The Harvard Drug Group
On July 2, 2015, we completed the acquisition of The Harvard Drug Group ("Harvard Drug") for $1.1 billion, net of cash acquired, using existing cash and proceeds from the debt offering in June 2015. The acquisition of Harvard Drug, a distributor of generic pharmaceuticals, over-the-counter healthcare and related products to retail, institutional and alternate care customers, is expected to enhance our Pharmaceutical segment's generic pharmaceutical distribution and related service businesses. Harvard Drug also manufactures and repackages generic pharmaceuticals and over-the-counter health care products.
Cordis
On March 1, 2015, we entered into a binding offer letter with Ethicon, Inc., a wholly-owned subsidiary of Johnson & Johnson, to purchase its Cordis business for a purchase price of $1.9 billion in cash, subject to certain adjustments. On May 27, 2015, Ethicon accepted the offer and countersigned the stock and asset purchase agreement, which we previously executed. The acquisition of Cordis, a manufacturer and distributor of interventional cardiology devices and endovascular solutions, is expected to expand the Medical segment's portfolio of self-manufactured products and its geographic scope. We expect to finance the acquisition using proceeds from the registered debt offering in June 2015, as described in Note 7, and cash on hand.

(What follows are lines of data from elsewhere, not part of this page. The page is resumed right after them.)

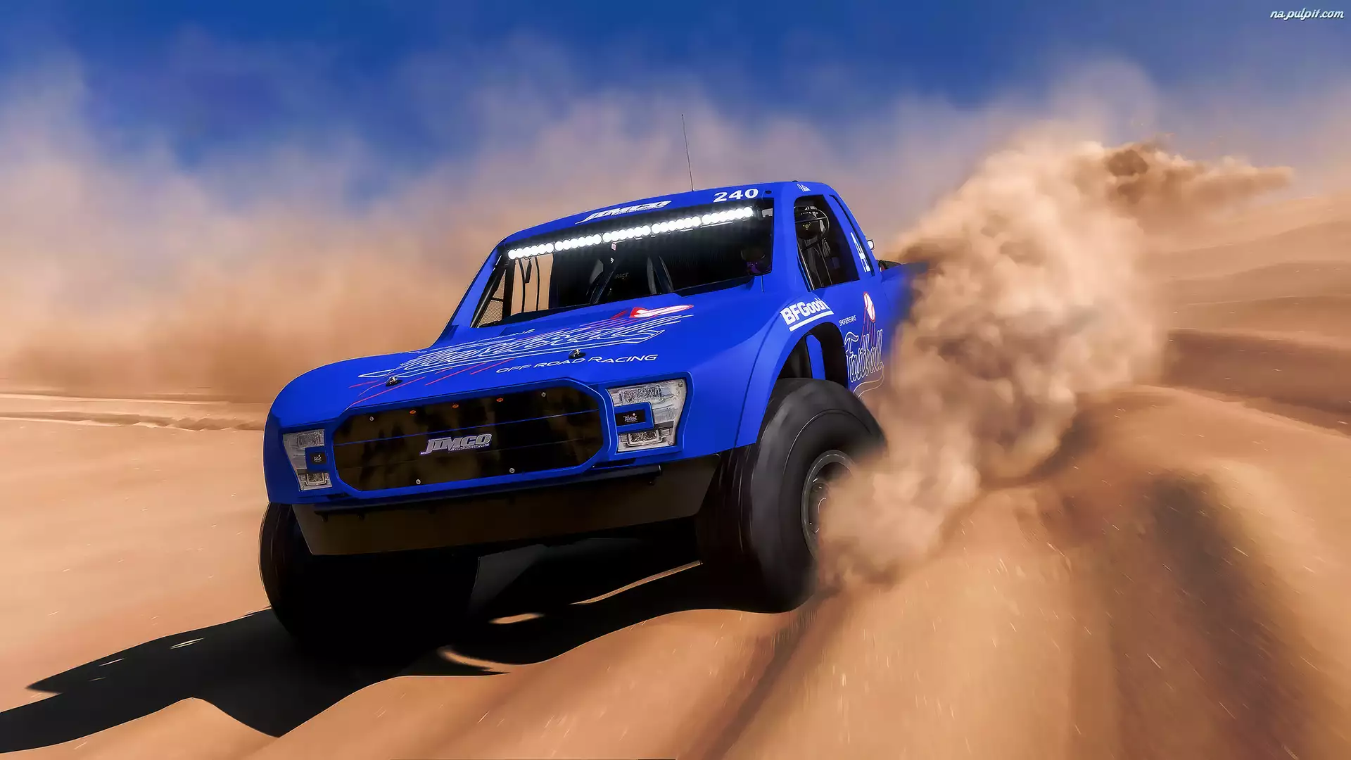 Rajd, Forza Horizon 5 Rally Adventures, Pustynia, Przód, Piasek, Samochód, Terenowy, Gra, Niebieski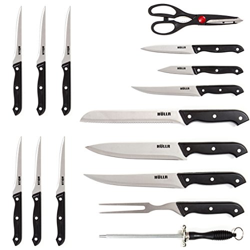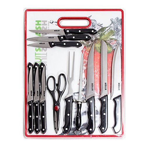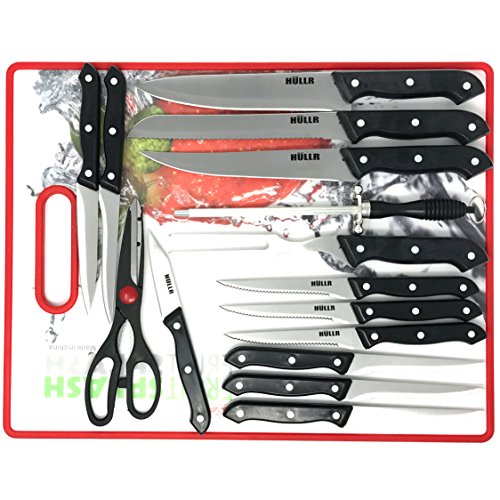 hullr 16피스 나이프세트내용:나이프 (칼 따위를) 갊,쉐프나이프,슬라이스 나이프,빵 나이프,로스트Fork,유틸리티 나이프,키친,시아,과일 나이프,부엌칼,중화 부엌칼,18?'' X 13?''커팅 보드는 완전히 임의의타입를 위해에 준비 조리장에서 내구성 이 뛰어난 이16피스쉐프나이프세트가 특징의 PP커팅 보드 나이프 매우 예리하고 금속제의 블레이드와 쾌적 핸들과 함께 다른 툴을 사용하는 것 를 할 수 있습니다.후루타《구》Ergonomic 튼튼한 ABS핸들이 쾌적하고 안전한 그립용 이 뛰어난 오름 탄소420그레이드의 스테인레스강의 블레이드 정밀도hullr Premium독일디자인와 이노베이션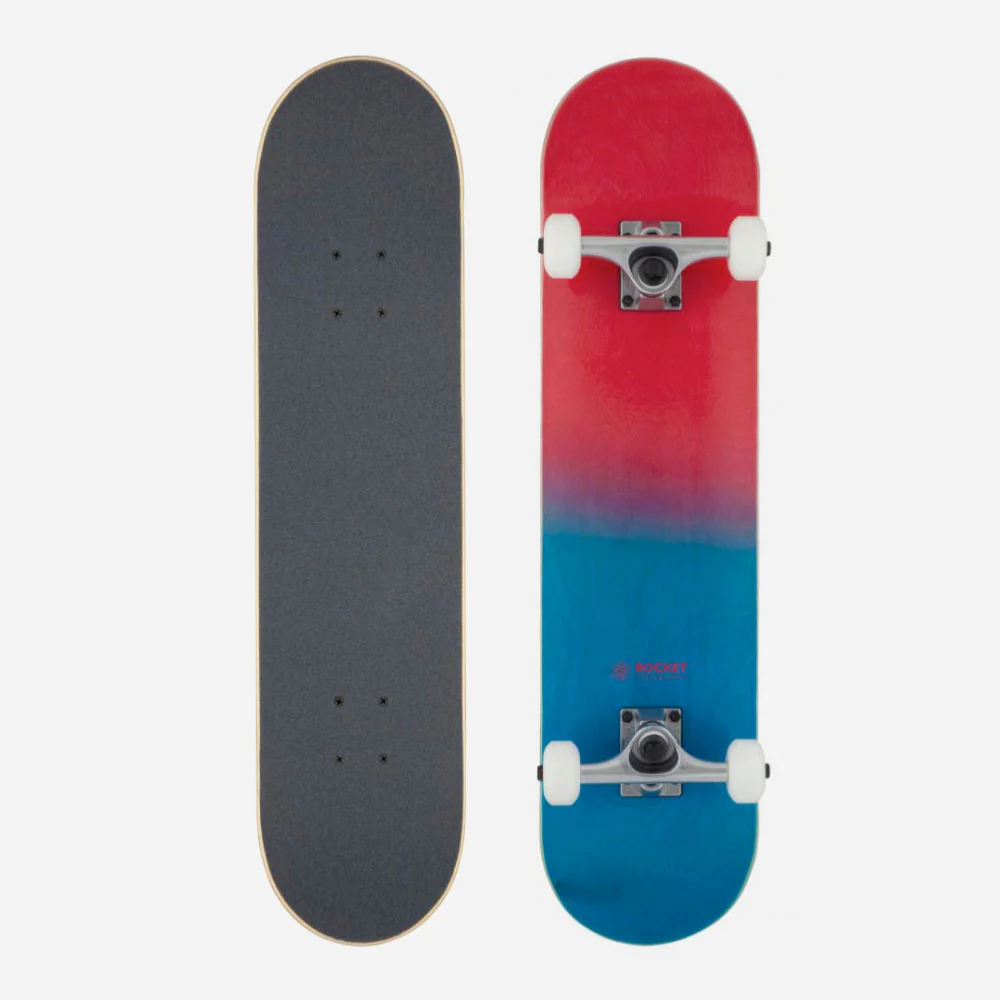 Planche de skateboard complète Rocket. Prête à l’emploi avec Trucks, roues, roulements, grip et visserie. Shape classique.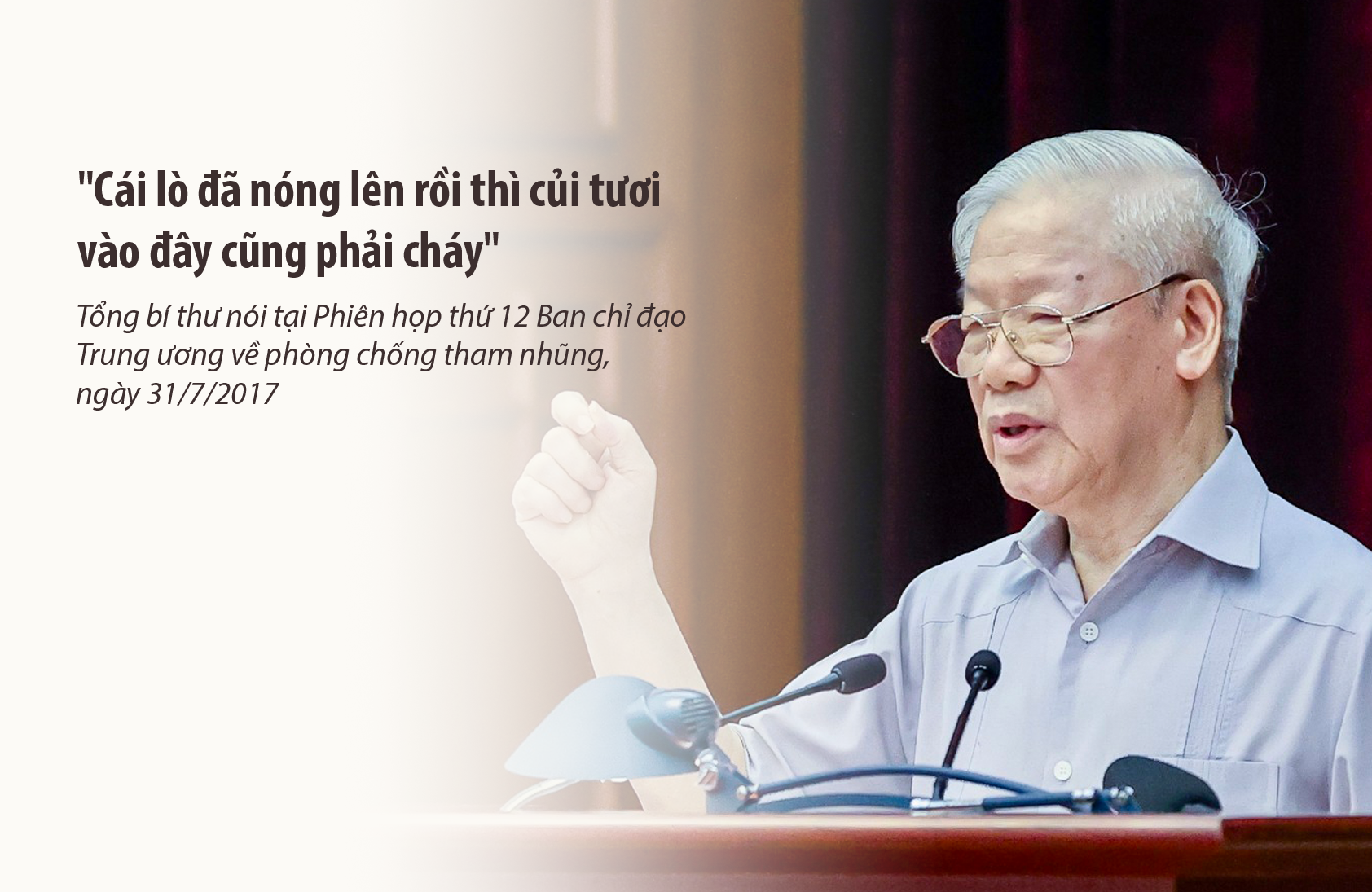 Tổng bí thư từng nhiều lần tâm sự, xử lý cán bộ là điều không ai mong muốn, song tham nhũng là một trong những nguy cơ đe dọa sự tồn vong của Đảng và chế độ, nên phải làm vì sự nghiệp chung. Đây là "cuộc đấu tranh chống giặc nội xâm", "xử một vài người để cứu muôn người", đồng thời cảnh tỉnh, răn đe những cán bộ đang có ý định vi phạm.

Cordis is a global company, with operations in more than 50 countries. The acquisition is expected to close in approximately 20 principal countries during the second quarter of fiscal 2016 and in the remaining countries afterward, subject to regulatory approval and customary closing conditions. Transaction and integration costs associated with the acquisition of Cordis were $44 million during fiscal 2015, and are included in amortization and other acquisition-related costs in the consolidated statements of earnings.
AccessClosure
On May 9, 2014, we completed the acquisition of Access Closure, Inc. ("AccessClosure") for $320 million in an all-cash transaction. We funded the acquisition with cash on hand. The acquisition of AccessClosure, a manufacturer and distributor of extravascular closure devices, expands the Medical segment's portfolio of self-manufactured products.
The assessment of the fair value of assets acquired and liabilities assumed for AccessClosure was completed during fiscal 2015 and resulted in goodwill of $152 million and identifiable intangible assets, primarily developed technology, of $133 million, with a weighted-average useful life of 9 years.

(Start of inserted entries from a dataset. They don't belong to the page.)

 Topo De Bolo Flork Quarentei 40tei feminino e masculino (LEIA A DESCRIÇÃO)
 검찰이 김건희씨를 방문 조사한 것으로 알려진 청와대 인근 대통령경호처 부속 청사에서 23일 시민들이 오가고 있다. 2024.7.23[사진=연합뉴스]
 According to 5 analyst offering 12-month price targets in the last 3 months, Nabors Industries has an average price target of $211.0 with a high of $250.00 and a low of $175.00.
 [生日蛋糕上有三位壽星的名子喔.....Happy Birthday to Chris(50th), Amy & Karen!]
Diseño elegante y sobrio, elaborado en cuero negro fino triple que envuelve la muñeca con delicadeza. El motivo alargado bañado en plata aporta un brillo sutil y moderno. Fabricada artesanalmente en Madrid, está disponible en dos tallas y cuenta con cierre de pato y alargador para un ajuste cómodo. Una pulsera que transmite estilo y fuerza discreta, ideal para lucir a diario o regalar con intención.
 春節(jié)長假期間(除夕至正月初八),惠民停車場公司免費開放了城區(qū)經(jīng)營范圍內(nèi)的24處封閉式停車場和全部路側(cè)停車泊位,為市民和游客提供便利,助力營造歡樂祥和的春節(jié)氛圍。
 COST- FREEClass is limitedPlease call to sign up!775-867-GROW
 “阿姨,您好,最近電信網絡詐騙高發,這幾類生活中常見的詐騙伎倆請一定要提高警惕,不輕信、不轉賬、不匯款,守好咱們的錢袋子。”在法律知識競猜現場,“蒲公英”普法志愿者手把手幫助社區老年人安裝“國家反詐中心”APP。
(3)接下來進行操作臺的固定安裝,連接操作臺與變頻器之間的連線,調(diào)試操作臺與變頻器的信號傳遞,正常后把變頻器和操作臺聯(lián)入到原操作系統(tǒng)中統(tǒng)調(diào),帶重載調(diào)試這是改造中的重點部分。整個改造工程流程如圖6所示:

Our fair value estimates utilize significant unobservable inputs and thus represent Level 3 fair value measurements. The estimated fair value of the identifiable intangible assets was determined primarily using an income-based approach, which includes market participant expectations of the cash flows that an asset could generate over its remaining useful life, discounted back to present value using an appropriate rate of return. The useful lives were determined primarily using inputs of projected technology obsolescence rates. The discount rate used to arrive at the present value of identifiable intangible assets was 10 percent to reflect the internal rate of return and uncertainty in the cash flow projections.